You Can't Push a Rope, but You Can Pull It
Push starting an entire economy is an impossible task.
You can't push a rope, you have to pull it.
Reviving an entire supply chain from a dead stop is something that I’m not sure has ever been done.
Perhaps the post WWII era is the closest thing - but it took the entire productive capacity of America to do it.
It is a tough task, because it isn’t just a few links that are broken, it is that all links are broken, and that means all of them must start, in balance, simultaneously. It is a lot like bringing a nuclear power plant back online, all systems must come up at once, at the same levels and at the same timing.
Now, think about how a nation under communism is like that global supply chain.

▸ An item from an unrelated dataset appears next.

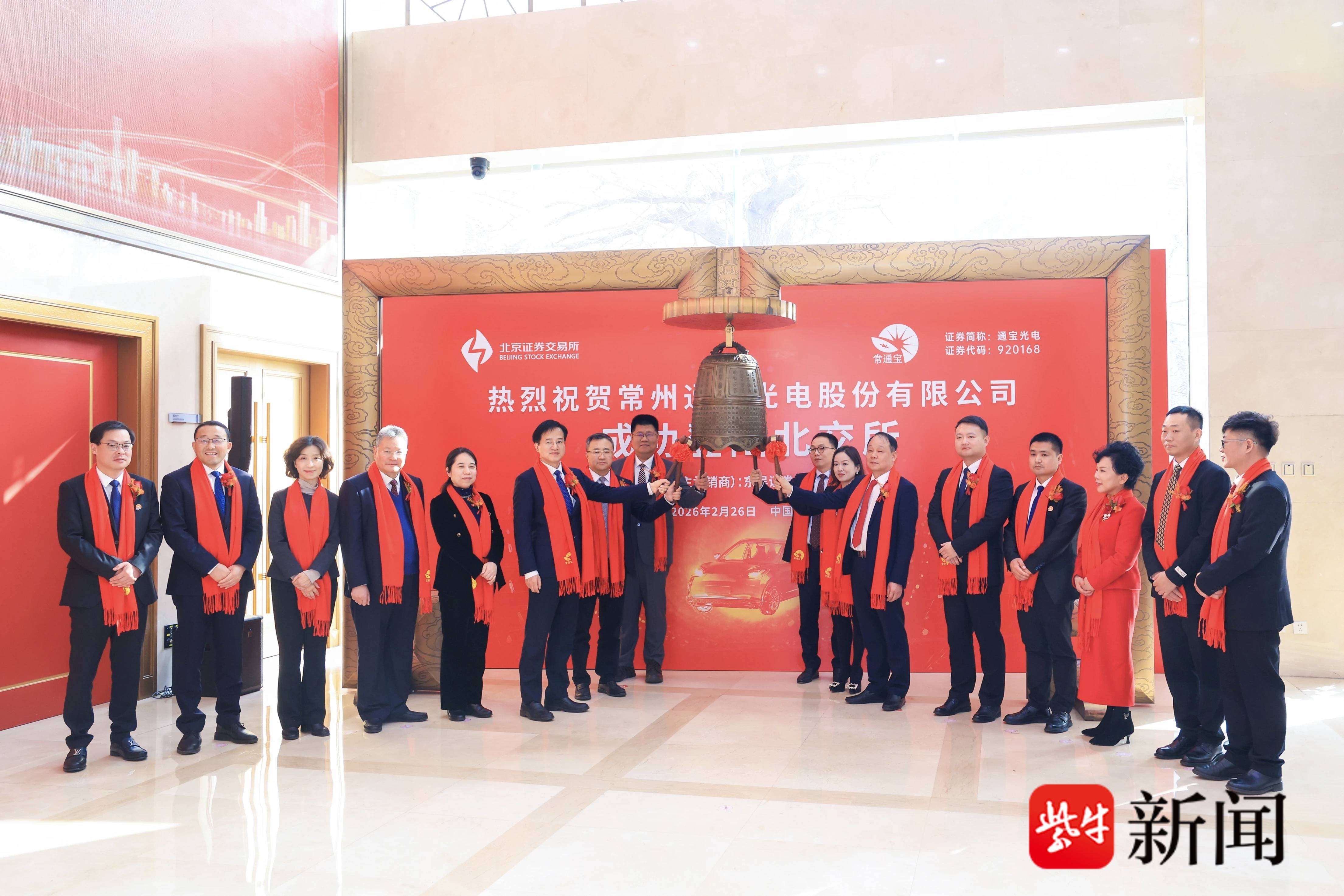 2月26日上午9:30,常州通宝光电股份有限公司(以下简称:通宝光电,证券代码:920168)成功登陆北京证券交易所,成为2026丙午马年春节后全国首家上市企业。常州市副市长徐军、常州高新区党工委(区委)书记石旭涌、常州通宝光电股份有限公司董事长刘国学等共同为企业敲钟开市。

Something we in manufacturing have dealt with since the implementation of the “pull” system inventory system, rather than a “push” system.
Push systems work on the production capacity of the producer – they run until the warehouse is full regardless of the consumption of the inventory. They are designed to maximize the efficiency of the producer, not the efficiency of the entire production system. In the bad old days, it was not uncommon to see piles of inventory stacked up between operations in a factory or racks full of pallets of product that sit for long periods of time before being used, then the faster operations have to stop and wait on the slower ones.

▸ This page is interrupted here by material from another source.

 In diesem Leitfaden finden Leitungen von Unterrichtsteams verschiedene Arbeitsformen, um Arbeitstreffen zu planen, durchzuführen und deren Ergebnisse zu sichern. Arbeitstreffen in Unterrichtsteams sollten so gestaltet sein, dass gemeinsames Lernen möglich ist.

Pull systems set inventory levels based on the consumption of the next downstream operation. As product is depleted from storage, that is the amount of signal sent to the preceding operation to produce to refill the inventory queue. Pull systems are designed to maximize the efficiency of the entire system or production process by keeping product moving through the production process and avoiding investment in materials that just sit around collecting dust. Adding value is the name of the game, sitting product is dead money, something to be avoided.
Push systems are analogous to communist systems, where the plan determines inventory and balances (it never does) supply and demand.
Pull systems are analogous to capitalist systems where price is the signal to pull inventory to balance supply and demand.
It is not a perfect analogy but pretty close.
The point being is that Biden can’t issue a bunch of executive orders to restart an entire economy because there is no plan for this. Pushing by focusing on links in the chain guarantees imbalances and bottlenecks because there is simply not enough brain or computing power in concentration to foresee every single variable of an infinitely variable entity the size of a national economy.
The economy must restart itself and the best thing government can do is to get out of the way and let the market work to pull inventory through the system at the most efficient rate.
As the Special Operations community says, “Slow is smooth. Smooth is fast.”